## What you will do
Transcribe the following entries letter for letter, without the pictures.

## Material for the task
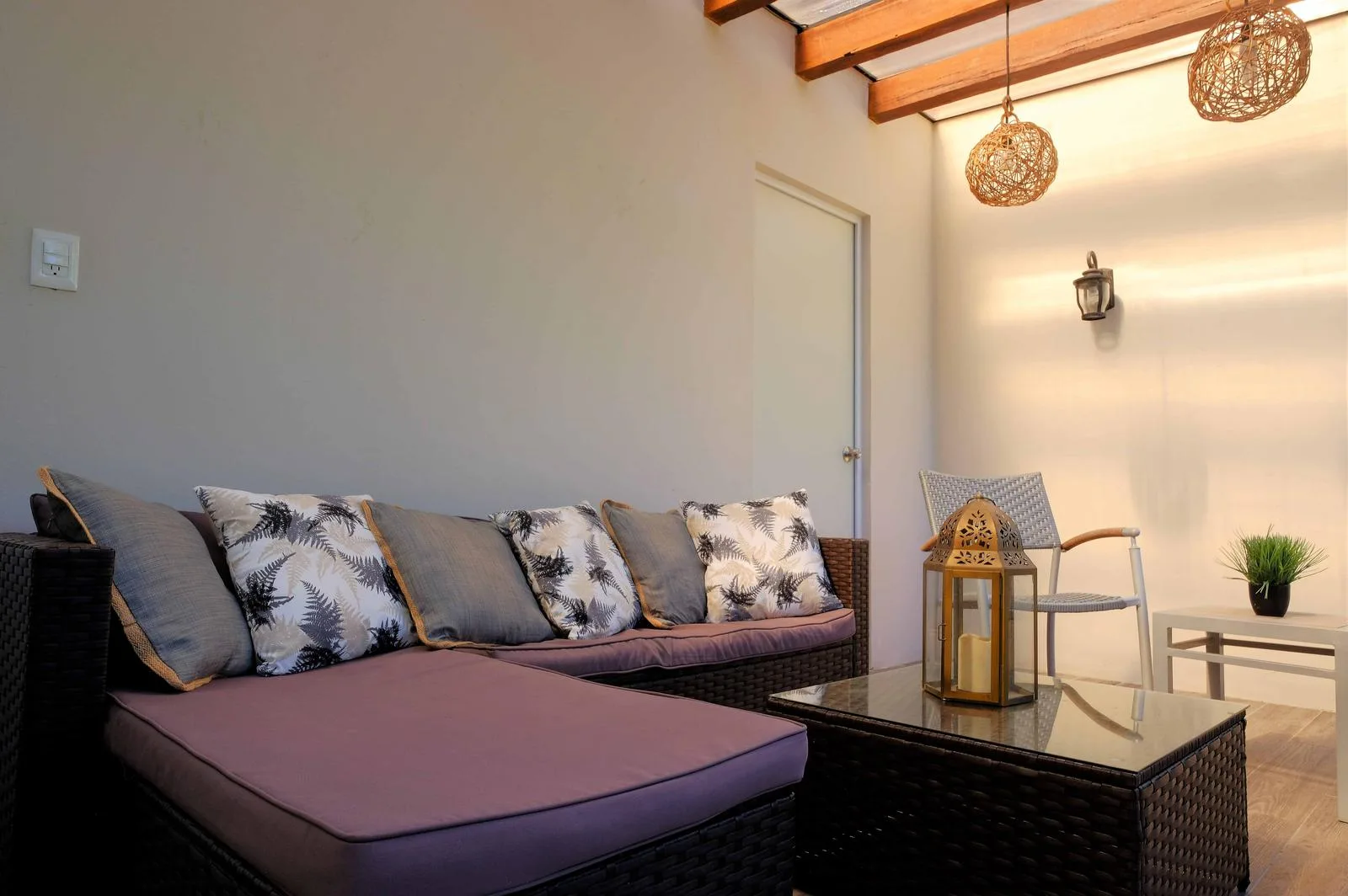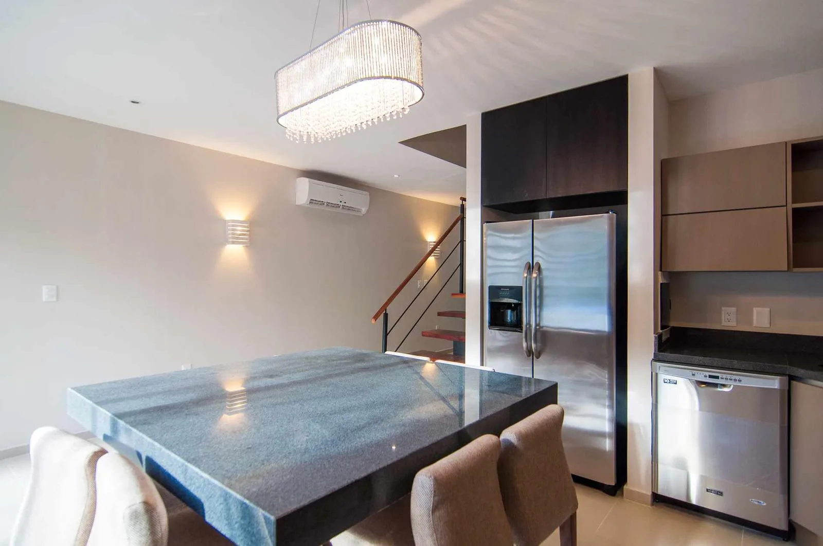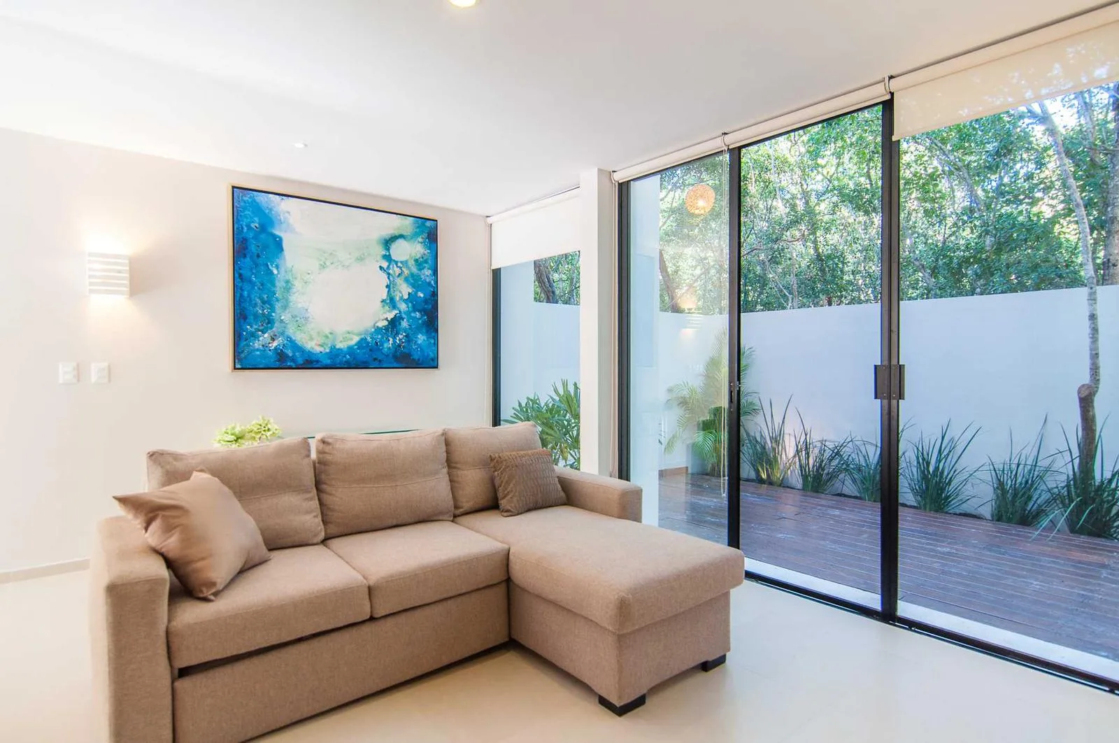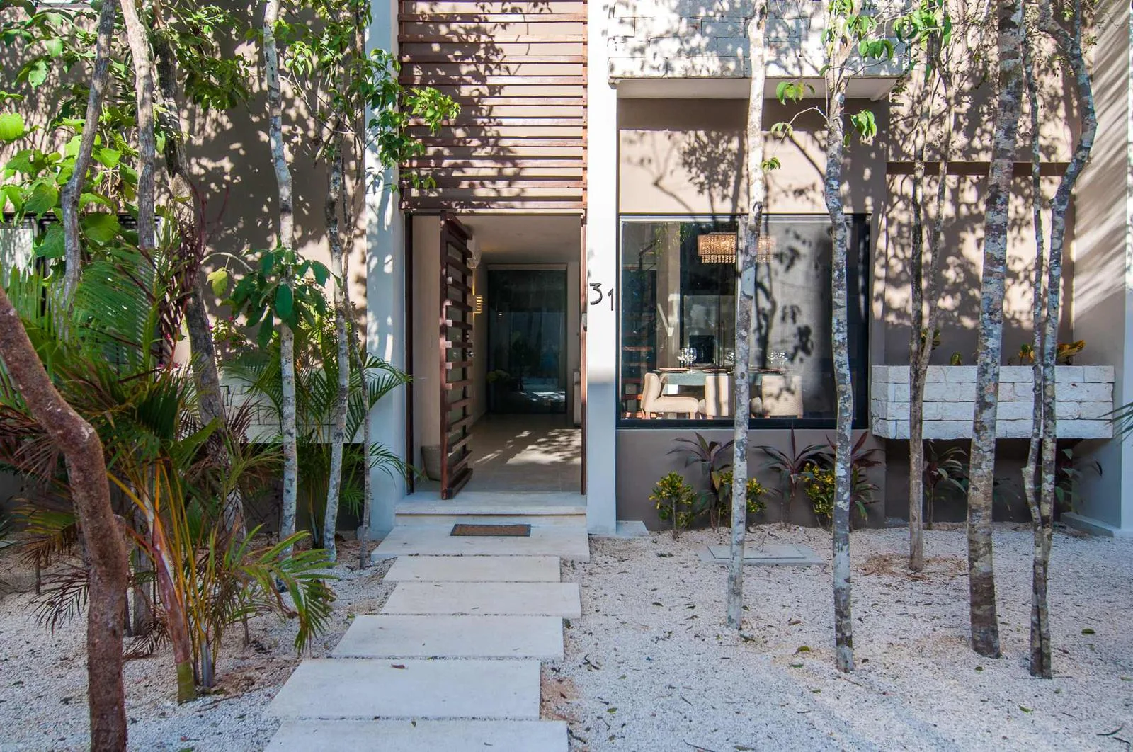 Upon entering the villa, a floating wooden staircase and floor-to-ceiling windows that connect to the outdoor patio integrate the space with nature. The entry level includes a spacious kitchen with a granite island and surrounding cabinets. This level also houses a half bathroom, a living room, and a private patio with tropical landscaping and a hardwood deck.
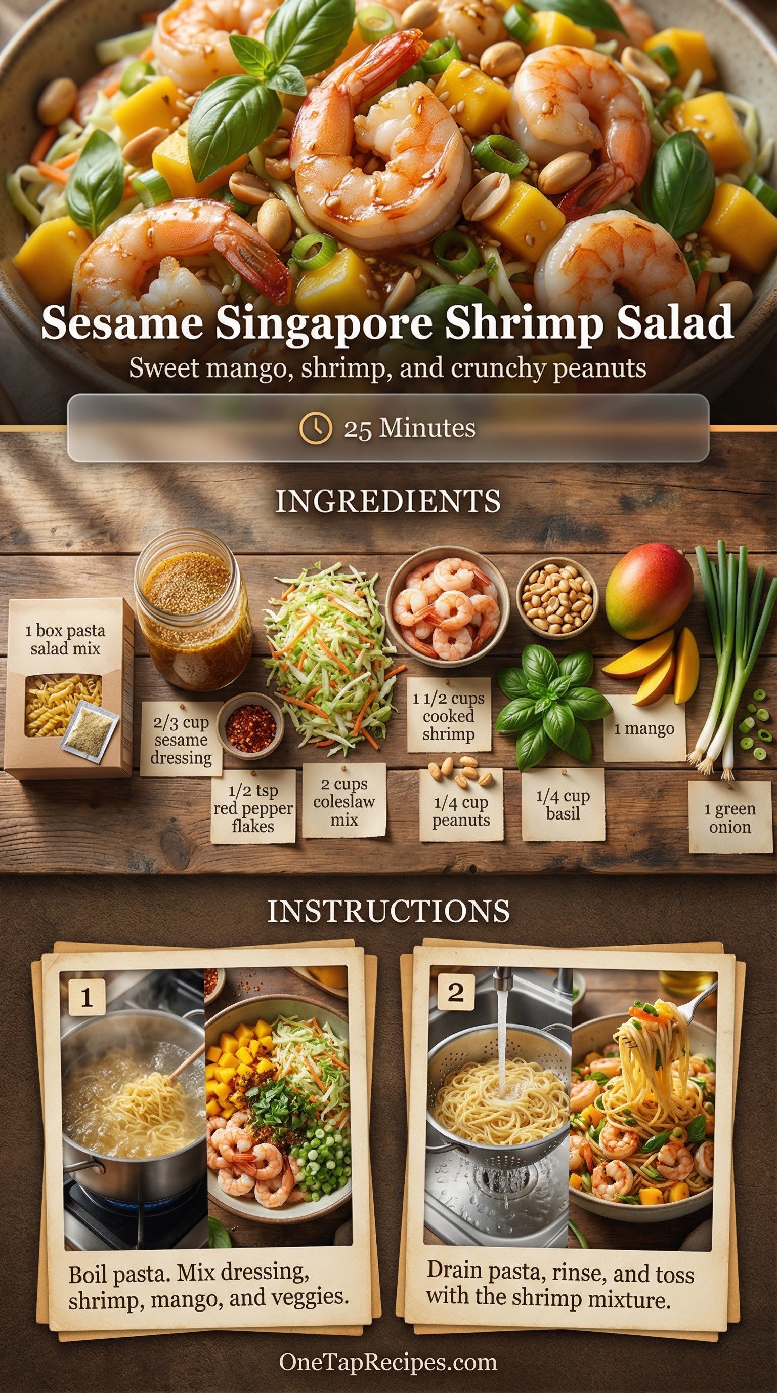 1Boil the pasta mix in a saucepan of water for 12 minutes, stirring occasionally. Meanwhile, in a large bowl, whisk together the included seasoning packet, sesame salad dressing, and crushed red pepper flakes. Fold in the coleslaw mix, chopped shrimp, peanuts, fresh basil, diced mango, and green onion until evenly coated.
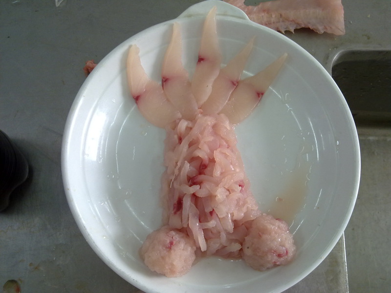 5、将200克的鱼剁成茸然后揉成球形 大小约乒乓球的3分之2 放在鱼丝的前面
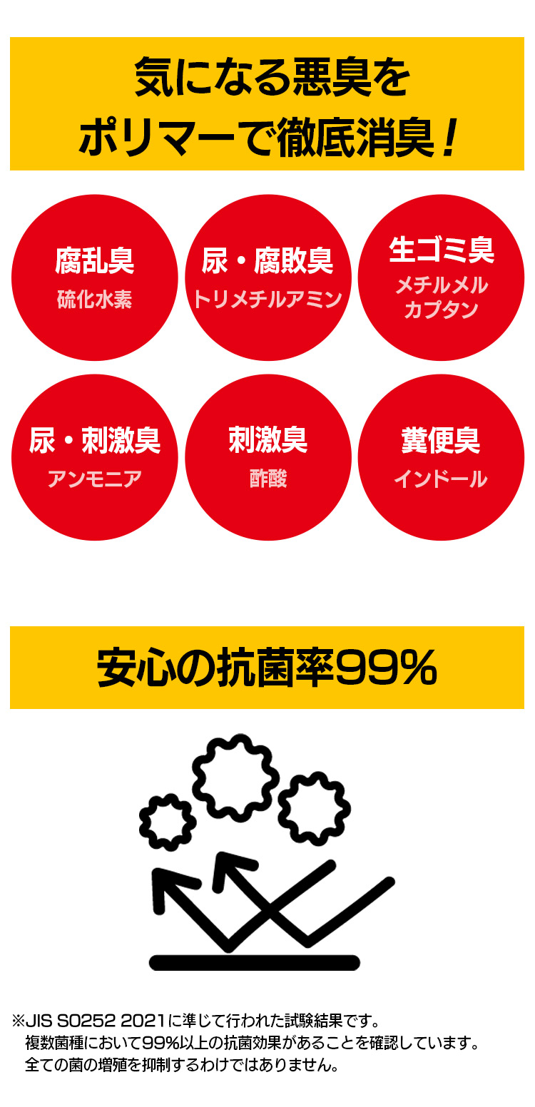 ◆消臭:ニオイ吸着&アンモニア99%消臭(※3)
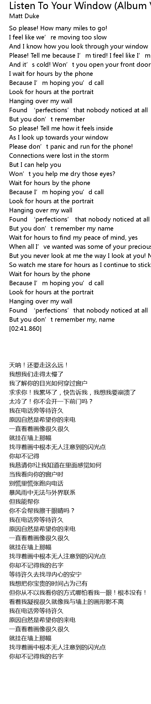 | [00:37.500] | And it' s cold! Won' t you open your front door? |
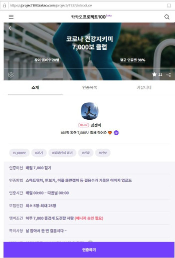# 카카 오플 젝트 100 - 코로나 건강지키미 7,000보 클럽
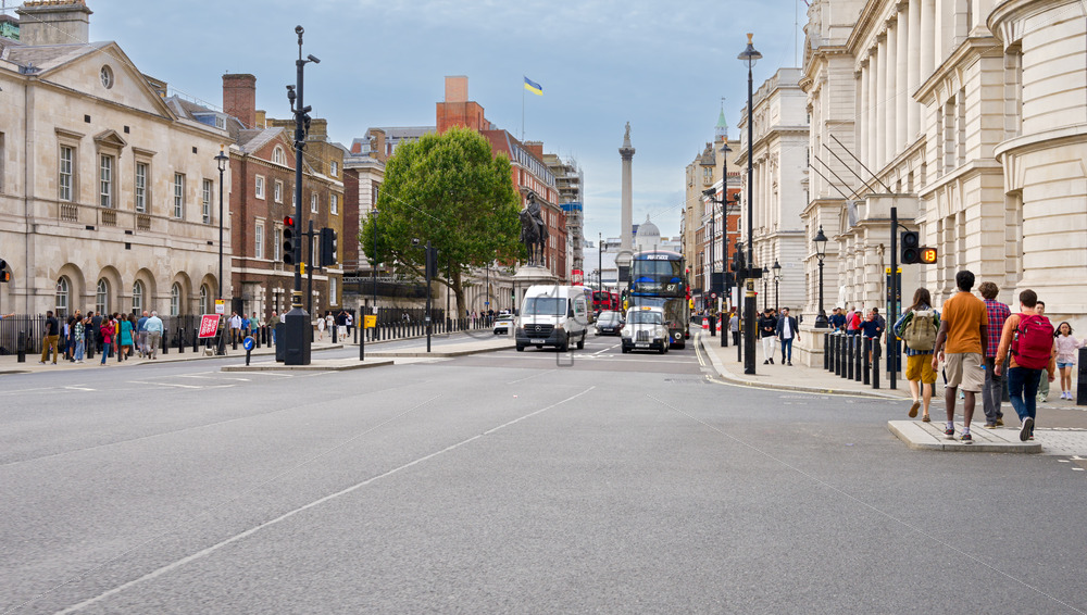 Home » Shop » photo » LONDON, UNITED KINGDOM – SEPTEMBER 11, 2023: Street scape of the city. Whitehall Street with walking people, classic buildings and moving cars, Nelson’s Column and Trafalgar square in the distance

## Reply to the task
 Upon entering the villa, a floating wooden staircase and floor-to-ceiling windows that connect to the outdoor patio integrate the space with nature. The entry level includes a spacious kitchen with a granite island and surrounding cabinets. This level also houses a half bathroom, a living room, and a private patio with tropical landscaping and a hardwood deck.
 1Boil the pasta mix in a saucepan of water for 12 minutes, stirring occasionally. Meanwhile, in a large bowl, whisk together the included seasoning packet, sesame salad dressing, and crushed red pepper flakes. Fold in the coleslaw mix, chopped shrimp, peanuts, fresh basil, diced mango, and green onion until evenly coated.
 5、将200克的鱼剁成茸然后揉成球形 大小约乒乓球的3分之2 放在鱼丝的前面
 ◆消臭:ニオイ吸着&アンモニア99%消臭(※3)
 | [00:37.500] | And it' s cold! Won' t you open your front door? |
# 카카 오플 젝트 100 - 코로나 건강지키미 7,000보 클럽
 Home » Shop » photo » LONDON, UNITED KINGDOM – SEPTEMBER 11, 2023: Street scape of the city. Whitehall Street with walking people, classic buildings and moving cars, Nelson’s Column and Trafalgar square in the distance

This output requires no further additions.